Content starts

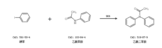1.通过碘苯和乙酰苯胺合成乙酰二苯胺,收率约96%;
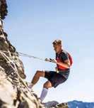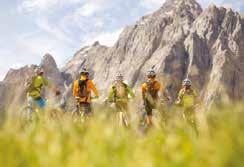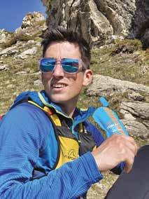 CON GIOVANNI STORTI E FRANZ ROSSI N oi, che in questo caso non siamo un solo un gruppo di persone ma diversi, più piccoli e suddivisi in vari periodi dell’estate, abbiamo scelto come base logistica, per le varie corse esplorative, il campeggio Monte Bianco La Sorgente: un luogo sito nel verde laddove la ripida strada asfaltata iniziale, che si insinua nella Val Veny, ripiana e la valle si allarga. Nella sola estate 2020, siamo stati al cospetto del Bianco in più occasioni e ogni volta abbiamo corso in una direzione diversa, tanto sono varie le diramazioni pedestri a disposizione. Con Giovanni Storti, del famoso trio Aldo Giovanni e Giacomo, e Franz Rossi, coautore dei vari libri del comico, siamo saliti più in quota, grazie alla strada asfaltata che si allunga nella valle, per poi continuare sul suo proseguimento sterrato e quindi imbucarci, a destra, in uno dei tanti sentieri che si diramano nei due versanti. Un single track, quello scelto, che serpeggiando nel verde dei pascoli a 2.000 metri porta al ghiacciaio del Miage e ai relativi e omonimi laghi. Di questi, uno è oramai quasi prosciugato mentre un altro, bello e suggestivo, visto dall’alto è a forma di cuore. Il rumore dello scioglimento del ghiacciaio è l’unico “inquinamento acustico” in un mare di silenzio condito da aria fresca e pura. Si percepisce pace in ogni direzione. Si sta bene.
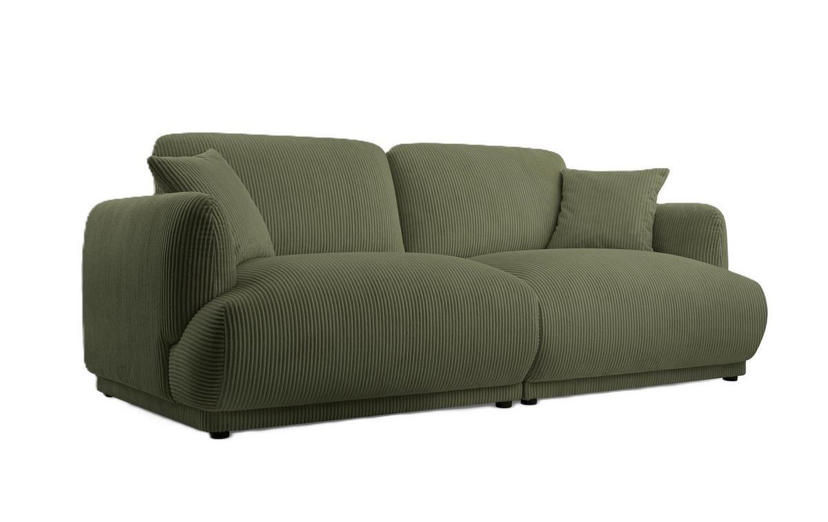 Es wird mit zwei Rückenkissen und zwei Zierkissen geliefert, die seinen gemütlichen Charakter unterstreichen und dem Ganzen ein harmonisches Aussehen verleihen. Der Bezug aus angenehmem Cordstoff verleiht dem Sofa eine einzigartige Textur und einen dezenten, trendigen Look. Die markanten Nähte und die robuste Konstruktion garantieren Langlebigkeit und Komfort.

Content ends

Exercise requirements
Output the listing above exactly, but leave its pictures behind.

Finished exercise
1.通过碘苯和乙酰苯胺合成乙酰二苯胺,收率约96%;
 CON GIOVANNI STORTI E FRANZ ROSSI N oi, che in questo caso non siamo un solo un gruppo di persone ma diversi, più piccoli e suddivisi in vari periodi dell’estate, abbiamo scelto come base logistica, per le varie corse esplorative, il campeggio Monte Bianco La Sorgente: un luogo sito nel verde laddove la ripida strada asfaltata iniziale, che si insinua nella Val Veny, ripiana e la valle si allarga. Nella sola estate 2020, siamo stati al cospetto del Bianco in più occasioni e ogni volta abbiamo corso in una direzione diversa, tanto sono varie le diramazioni pedestri a disposizione. Con Giovanni Storti, del famoso trio Aldo Giovanni e Giacomo, e Franz Rossi, coautore dei vari libri del comico, siamo saliti più in quota, grazie alla strada asfaltata che si allunga nella valle, per poi continuare sul suo proseguimento sterrato e quindi imbucarci, a destra, in uno dei tanti sentieri che si diramano nei due versanti. Un single track, quello scelto, che serpeggiando nel verde dei pascoli a 2.000 metri porta al ghiacciaio del Miage e ai relativi e omonimi laghi. Di questi, uno è oramai quasi prosciugato mentre un altro, bello e suggestivo, visto dall’alto è a forma di cuore. Il rumore dello scioglimento del ghiacciaio è l’unico “inquinamento acustico” in un mare di silenzio condito da aria fresca e pura. Si percepisce pace in ogni direzione. Si sta bene.
 Es wird mit zwei Rückenkissen und zwei Zierkissen geliefert, die seinen gemütlichen Charakter unterstreichen und dem Ganzen ein harmonisches Aussehen verleihen. Der Bezug aus angenehmem Cordstoff verleiht dem Sofa eine einzigartige Textur und einen dezenten, trendigen Look. Die markanten Nähte und die robuste Konstruktion garantieren Langlebigkeit und Komfort.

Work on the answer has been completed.